# Problem to work on
Without including any images, repeat the data exactly.

# Recorded data
/---

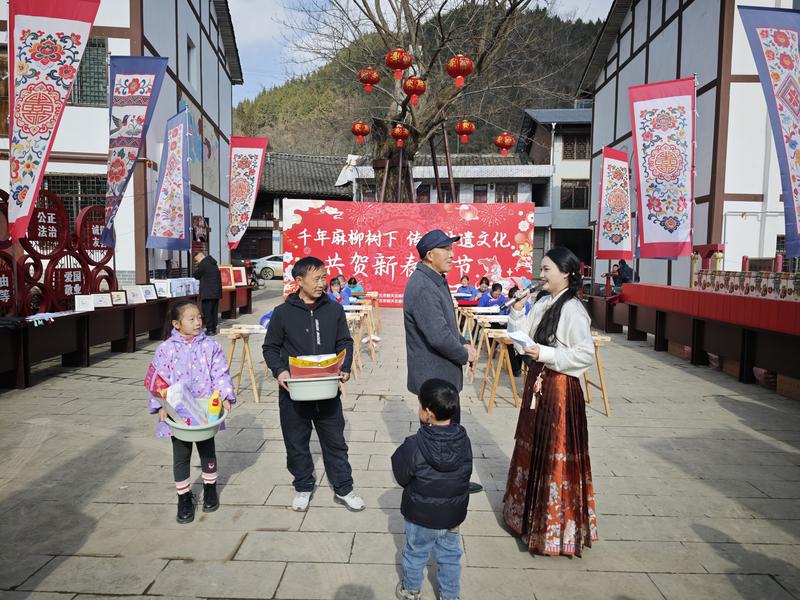 当天,还围绕麻柳刺绣、古树保护及生活安全知识等主题进行了有奖问答。主持人提问的话音刚落,现场群众便纷纷举手、踊跃抢答,答对问题的群众接过奖品时喜笑颜开,现场欢呼声、掌声此起彼伏,互动氛围热烈十足,年味也愈发浓厚。
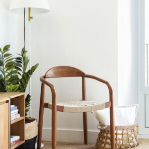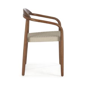 • La estructura de madera maciza de eucalipto se laca con cuatro capas en color nogal para dotarla de mayor durabilidad y es tratada para protegerla de los rayos UV, al igual que la cuerda del asiento.
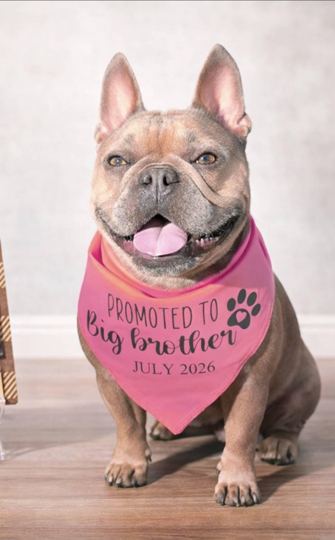 Celebrate your growing family with the cutest helper of all—your pup! Our “Promoted to Big Brother” dog bandana is the perfect way to announce your pregnancy and include your furry best friend in the excitement. Add your custom date for a truly personal touch that makes your announcement unforgettable.
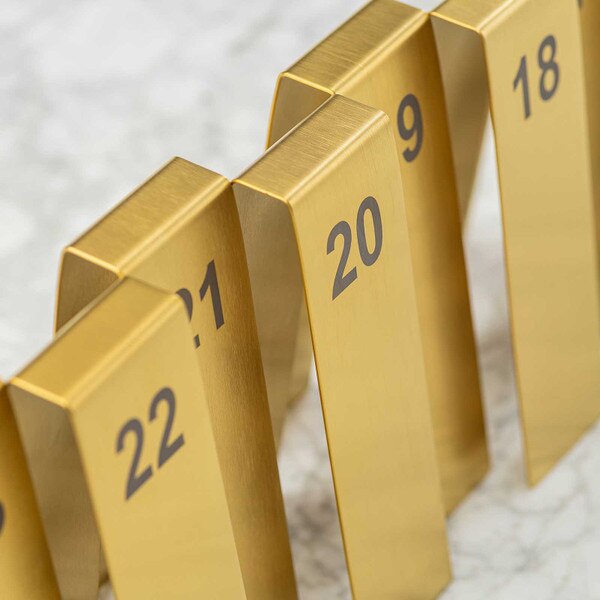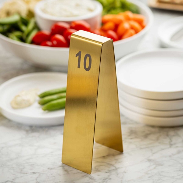 Designed to suit any foodservice setting, these 6" Number Tents (1-25) provide clear visibility for guests and staff while adding a polished touch to your presentation. Ideal for marking reserved tables, identifying buffet stations, organizing pickup orders, or numbering tables at banquets, catered events, and weddings. A versatile solution for both front- and back-of-house organization.

\---

# Answer area
 当天,还围绕麻柳刺绣、古树保护及生活安全知识等主题进行了有奖问答。主持人提问的话音刚落,现场群众便纷纷举手、踊跃抢答,答对问题的群众接过奖品时喜笑颜开,现场欢呼声、掌声此起彼伏,互动氛围热烈十足,年味也愈发浓厚。
 • La estructura de madera maciza de eucalipto se laca con cuatro capas en color nogal para dotarla de mayor durabilidad y es tratada para protegerla de los rayos UV, al igual que la cuerda del asiento.
 Celebrate your growing family with the cutest helper of all—your pup! Our “Promoted to Big Brother” dog bandana is the perfect way to announce your pregnancy and include your furry best friend in the excitement. Add your custom date for a truly personal touch that makes your announcement unforgettable.
 Designed to suit any foodservice setting, these 6" Number Tents (1-25) provide clear visibility for guests and staff while adding a polished touch to your presentation. Ideal for marking reserved tables, identifying buffet stations, organizing pickup orders, or numbering tables at banquets, catered events, and weddings. A versatile solution for both front- and back-of-house organization.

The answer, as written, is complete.